Pursuant to § 6323(f)(3), the Secretary of the Treasury has promulgated 26 C.F.R. § 301.6323(f)-1(d), which provides that the notice of a federal tax lien shall be filed on Form 668. Section 5.12.2.6 of the Internal Revenue Manual provides that a notice of federal tax lien does not require a signature, however, documents generated by the Automated Lien System application have facsimile signatures. The notices of lien in this case, which are attached as exhibits to the plaintiff's complaint, were filed on Form 668, so that they conform to § 6323(f)(3). In addition, they were signed by facsimile signature of Revenue Officer R.A. Mitchell. Consequently, the notices of lien are properly certified pursuant to federal tax law, and there is no defect in the notices because they were signed by facsimile signature.

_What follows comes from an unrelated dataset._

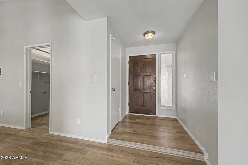 Listing details for 2651 Mcnair St, Chandler, AZ 85224 : Gorgeous single-story home with a sparkling pool and no HOA! The charming facade, beautifully manicured landscape, and 2-car garage are just the beginning. Inside, you'll find sizable living spaces ready to bring you joy, with wood-look flooring, vaulted beamed ceilings in the great room, a brick fireplace to add warmth, and neutral paint. The kitchen is complete with track lights, custom cabinetry, neutral countertops with a breakfast bar, perfect for quick meals & built-in appliances. The primary suite includes a walk-in closet and a private bathroom for added comfort. Shaded side yard with pavers. The backyard is complete with a covered patio perfect for weekend grills and morning coffee, artificial grass & a pool for a refreshing time! Don't miss out on this one!

See Krueger v. Kennedy, 1998 WL 641985 at *2 (W.D. Mich. 1998) (notice of federal tax lien signed by facsimile signature proper under federal tax law). Therefore, plaintiff does not state a claim upon which relief may be granted and the court must dismiss his complaint.

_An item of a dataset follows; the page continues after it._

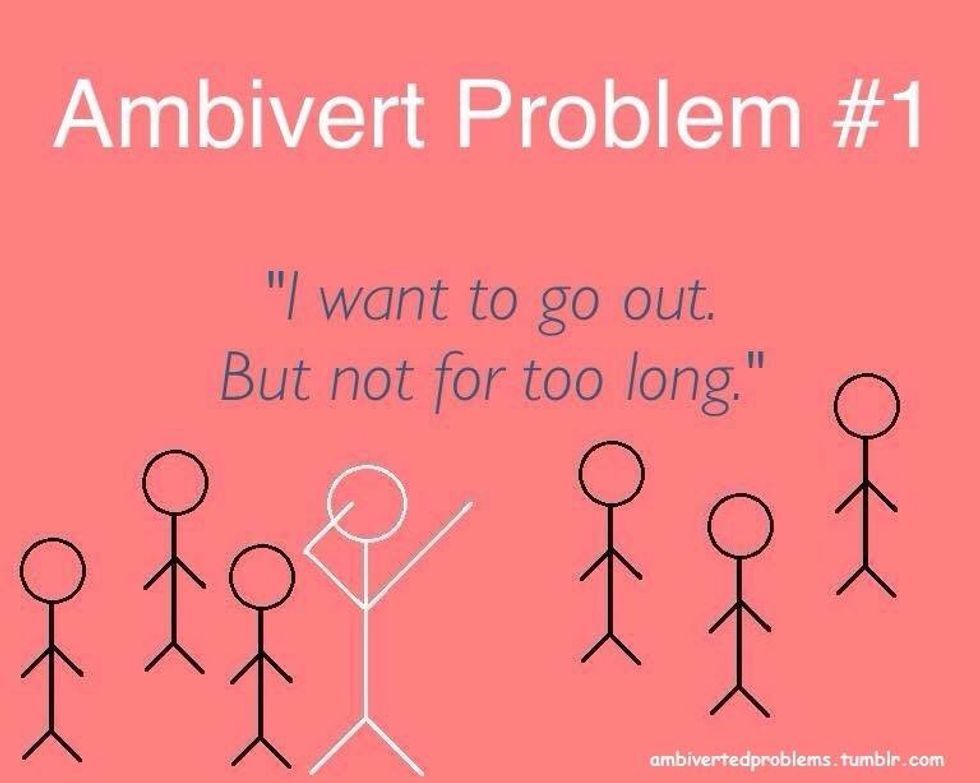 So, to all the ambiverts of the world, remember to keep your introversion and extroversion at a balance that makes you happy. Don't let your introverted anxiety keep you from doing fun things, but don't let your extroverted side make irreparable decisions!

Lastly, if the court were to construe Gengler's complaint as a request to enjoin the collection of the plaintiff's federal tax liabilities, the Anti-Injunction Act bars his requested injunctive relief. Section 7421(a) of the Internal Revenue Code prohibits, with some exceptions not relevant here, suits by any person in any court for the purpose of "restraining the assessment or collection of any tax." 26 U.S.C. § 7421(a).
The court also notes that plaintiff's complaint is such that it may warrant a finding of frivolousness, which provides an independent basis for dismissal of this case. Harrell v. United States, 13 F.3d 232, 235-236 (7th Cir. 1993) (citing Ricketts v. Midwest National Bank, 874 F.2d 1177, 1180 (7th Cir. 1989)). Because there are numerous and other adequate grounds for dismissal, however, the court will refrain from such a finding.
Accordingly,
IT IS SO ORDERED that plaintiff's motion to remand to state court (Docket #4) be and the same is hereby DENIED; IT IS FURTHER ORDERED that the United States' motion to dismiss (Docket #8), on behalf of the named defendants, be and the same is hereby GRANTED; IT IS FURTHER ORDERED that the Internal Revenue Service's motion for extension of time to answer or respond to complaint (Docket #2) be and the same is hereby DENIED as moot;
IT IS FURTHER ORDERED that plaintiff's motion for extension of time to respond to motion to dismiss (Docket #10) be and the same is hereby DENIED as moot;
IT IS FURTHER ORDERED that plaintiff's motion to strike defendant's reply to plaintiff's objection to motion to dismiss (Docket #14) be and the same is hereby DENIED as moot; IT IS FURTHER ORDERED that plaintiff's motion to take judicial notice of law in the federal statutes of subtitle A (Docket #15) be and the same is hereby DENIED as moot; and
IT IS FURTHER ORDERED that plaintiff's complaint be and the same is hereby DISMISSED.
The clerk is directed to enter judgment accordingly.
Dated at Milwaukee, Wisconsin, this 29th day of December, 2010.